In WO/1994/010874, the cosmetic effect in view, is improved hair coloring. In particular, for the support of the chemical coloring of head hairs, light is used having a wavelength between approximately 600 nm and 1200 nm, so that a change of enzyme coordinate and/or a change of the redox potentials results. It is reported that hair coloring is improved, i.e. the colors are more brilliant than without influence of light, and less colorant is necessary than with conventional coloring. 600 to 1200 nm (0.6-1.2 μm) is at the low end of the 0.15-30 μm suggested by the '490 reference, however, hair reshaping is not the disclosed effect. Clearly, the authors of '873 and '874 have identified 0.6-1.2 as useful for hair coloring, but not for hair perming. When considered together, '873 and '874 suggest that wavelengths above 0.6 μm have little or no significant effect on permanent hair shaping. Furthermore, WO/1994/010873 and WO/1994/010874 fail to disclose methods of treating the hair, as disclosed herein. In those references, the light is supplied from a hood that surrounds the head, similar to a hair dryer hood. A set of laser diodes emit light from the inner surface of the hood in the direction of the hair. The hood also comprises at least one photodiode, the output signal of which, is sent to a control unit that regulates the laser diodes. The control unit is connected to the hood by a cable. The hood may be fastened to a stand, and the inner surface of the hood is provided with “spring-like” spacers that maintain a minimum distance between inner surface of the hood and the head. Thereby, a correct distance between sources of light and head is guaranteed, so that one receives a continuous effect result. This is unlike the rollers of the present invention, which are directly contacting the hair and which are nothing like the hood of the '873 and '874 references.

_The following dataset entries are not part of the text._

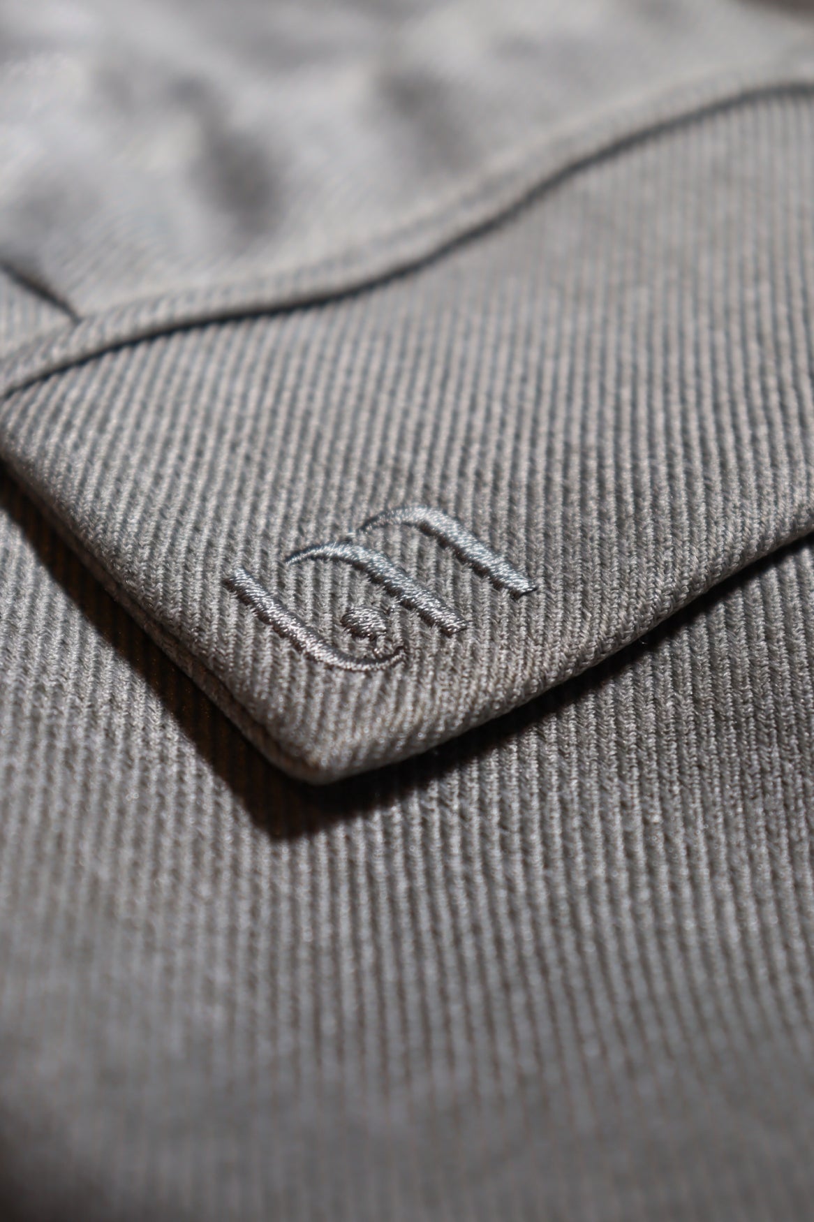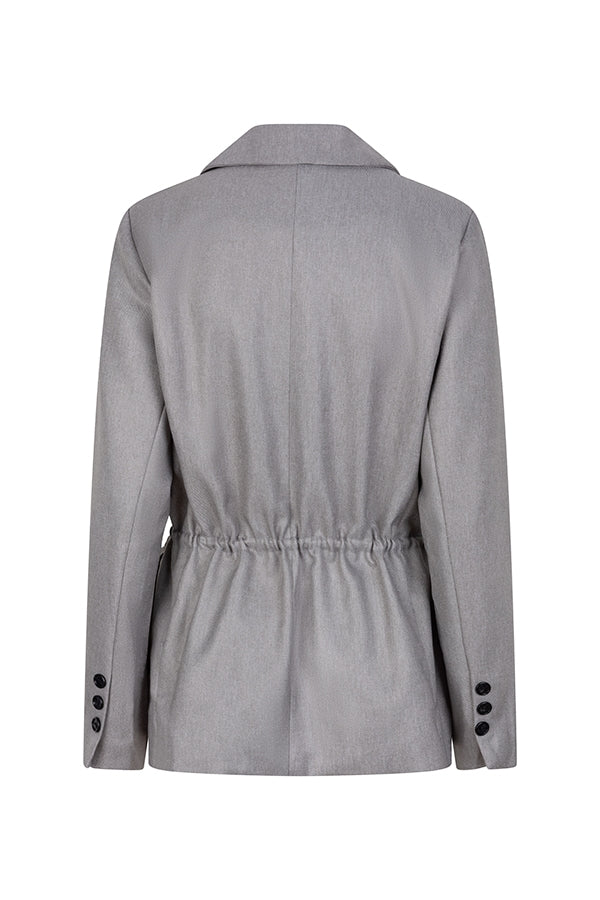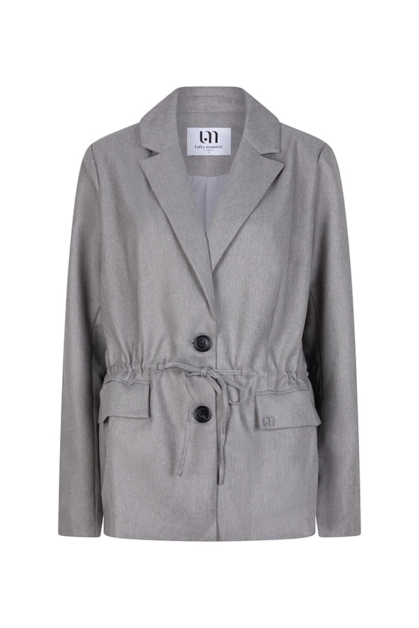 The Melinda blazer is a long gray blazer. It features a drawstring waist for adjustment. The blazer has a lapel collar, flap pockets on the front, and a straight fit.
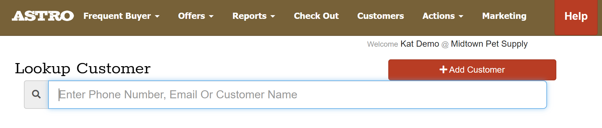 Do NOT ring up any of their purchases yet. Instead click the button or menu item that will take you into Astro. This will help you create the New Customer Account in Astro, or help you link to an existing account.
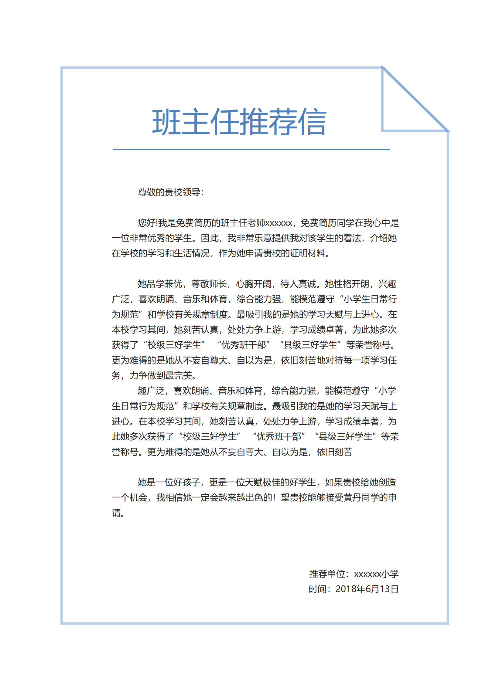 当前位置:51简历模板 - 小升初幼升小毕业升学模板
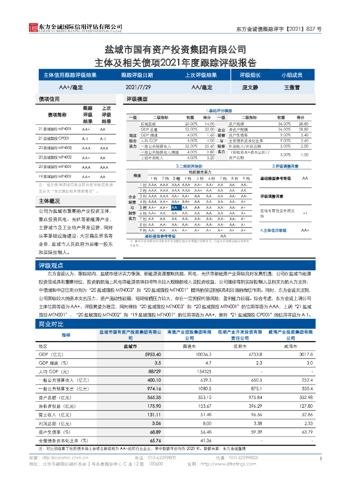 东方金诚:盐城市国有资产投资集团有限公司主体信用评级报告.pdf
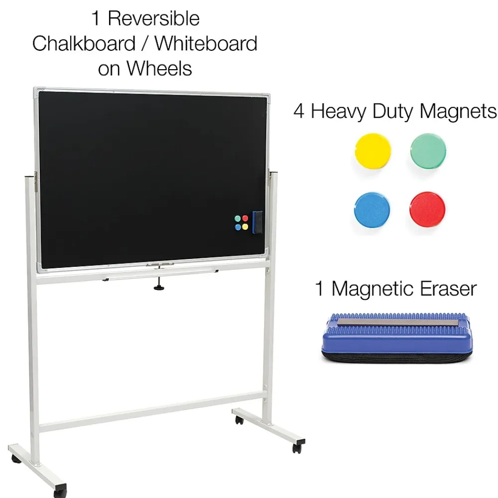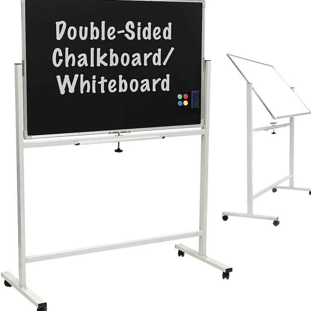 - DUAL-SIDED MAGNETIC SURFACE – Switch effortlessly between the magnetic chalkboard and whiteboard, offering a flexible and versatile writing surface for various uses like teaching, planning, or presentations.
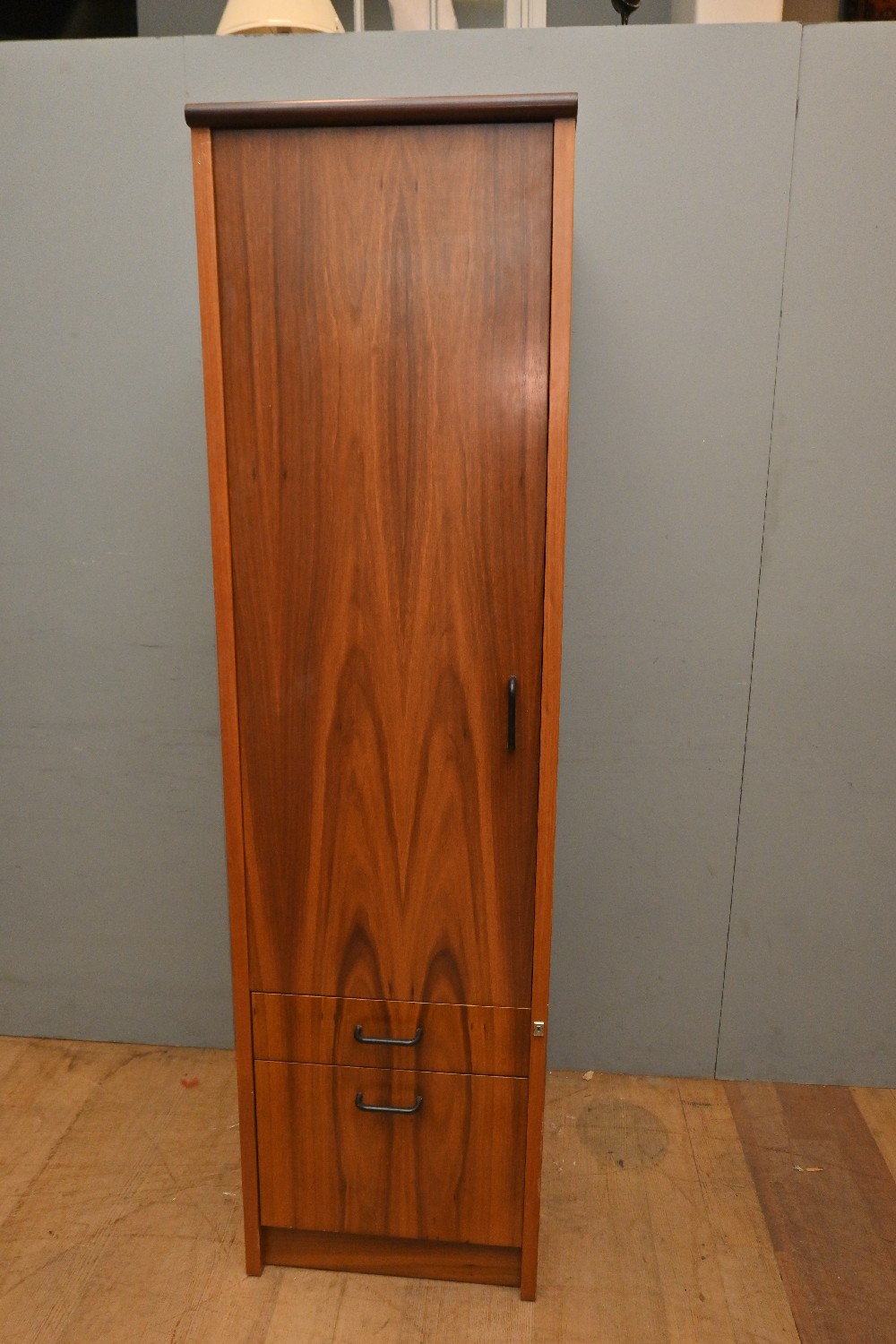 A CONTEMPORARY TWO DRAWER SINGLE DOOR CUPBOARD (A/F) (181H X 49W X 61D CM) (PLEASE NOTE THIS HEAVY ITEM MUST BE REMOVED BY CARRIERS AT THE CUSTOMER'S EXPENSE. LEONARD JOEL STAFF CANNOT ASSIST CARRYING THIS ITEM) (X-LARGE ITEM)

U.S. Pat. No. 5,858,179 discloses a combination of chemicals and electromagnetic radiation used to alter the physical characteristics of keratinic fibers such as mammalian or human hair. A non-irritating, non-reactive disulfide composition, in the form of a solution or gel, is first contacted with the hair. Electromagnetic radiation is then applied to the hair to photo-chemically convert the disulfide into a dithiol. The dithiol breaks the disulfide bonds in the hair, so that the hair can be permanently re-shaped. However, U.S. Pat. No. 5,858,179 fails to disclose infrared emitting rollers and methods of treating the hair, as disclosed herein. U.S. Pat. No. 5,858,179 does not use electromagnetic radiation to directly affect the disulfide bond, to break the bond, as does the present invention. Rather, the radiation used is used to convert free disulfide into dithiol using a reported wavelength of 200 to 530 nm (2.3 to 6.2 eV).

U.S. Pat. No. 3,863,653 discloses a method and apparatus for treating fibers by enclosing them within a resonant cavity to which high frequency current is supplied, the resonant frequency and impedance of said cavity being matched to that of its supply. This method is really an adjunct to a chemical treatment method. U.S. Pat. No. 3,863,653 uses high frequency radiation to heat hair from the inside, thereby accelerating the chemical reactions and reducing the time that the hair must be exposed to the potentially damaging chemicals. The frequency of radiation disclosed is from 10-4000 MHz, wholly unsuitable for use in the present invention.

Tourmaline

Tourmaline is an acentric rhombohedral borosilicate characterized by six-membered tetrahedral rings. It is a semi-precious stone, and a crystal silicate compounded with varying amount of elements such as aluminium, iron, magnesium, sodium, lithium, or potassium.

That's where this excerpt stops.